On its own, the incident appeared another example of “mission creep”, a consequence of what happens as US operations expand. But the real significance concerns the nature of the ISIS attack, which (says Military Times) involved about 125 operatives of ISIS attacking the village while “maneuvering in small units with 20 armed vehicles and several truck bombs”.
A capable force
This illustrates two things, both significant. The first is that while ISIS may be under intense pressure from the air-war, it can still organise a formidable operation involving over a hundred of its people in a tightly coordinated initiative. Military Times reports the ironic fact that ISIS used some US-made Humvees in its attack, probably drawn from the hundreds they looted from Iraqi army bases during their advances across northern Iraq in 2014.

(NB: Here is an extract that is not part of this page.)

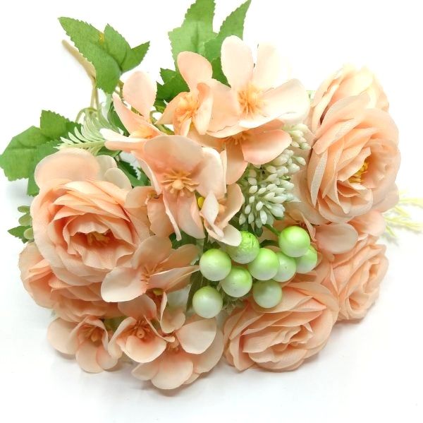 Kiszerelés: 7 szálas, különböző virágokkal: rózsa (kb. 4,5 cm), hortenzia (kb. 4,5 cm), poli bogyók kb. 12-15 mm. Csokor teljes hossza kb. 30 cm.

Even more surprising, though, is that ISIS succeeded in infiltrating the force nearly five miles from its own territory without being observed by Kurdish or US intelligence. This is remarkable in the context of the very heavy resourcesbeing utilised by US forces: especially high levels of real-time observation, including reconnaissance drones, satellites, signals interception and numerous resources of human intelligence.
It is also worth noting that an ISIS paramilitary force of around 125 would have expected a huge US response after the attack, and were prepared for death. In the event, the US brought in F-15 and F-16 strike-aircraft, A-10 ground-attack aircraft, drones and even B-52 strategic bombers; these destroyed 20 ISIS vehicles, two truck-bombs, three mortar systems and even a bulldozer that the ISIS paramilitaries had used. An estimated 58 ISIS fighters were killed.
Charles Keating was the third American soldier to be killed in action against ISIS, compared with 28,000 ISIS paramilitaries, but the manner of his death illustrated the striking capabilities of the ISIS movement. If it really has lost up to a half of its fighting forces, as some US sources believe, it should be on its last gasp. The attack on Tel Askuf shows that to be very far from the truth.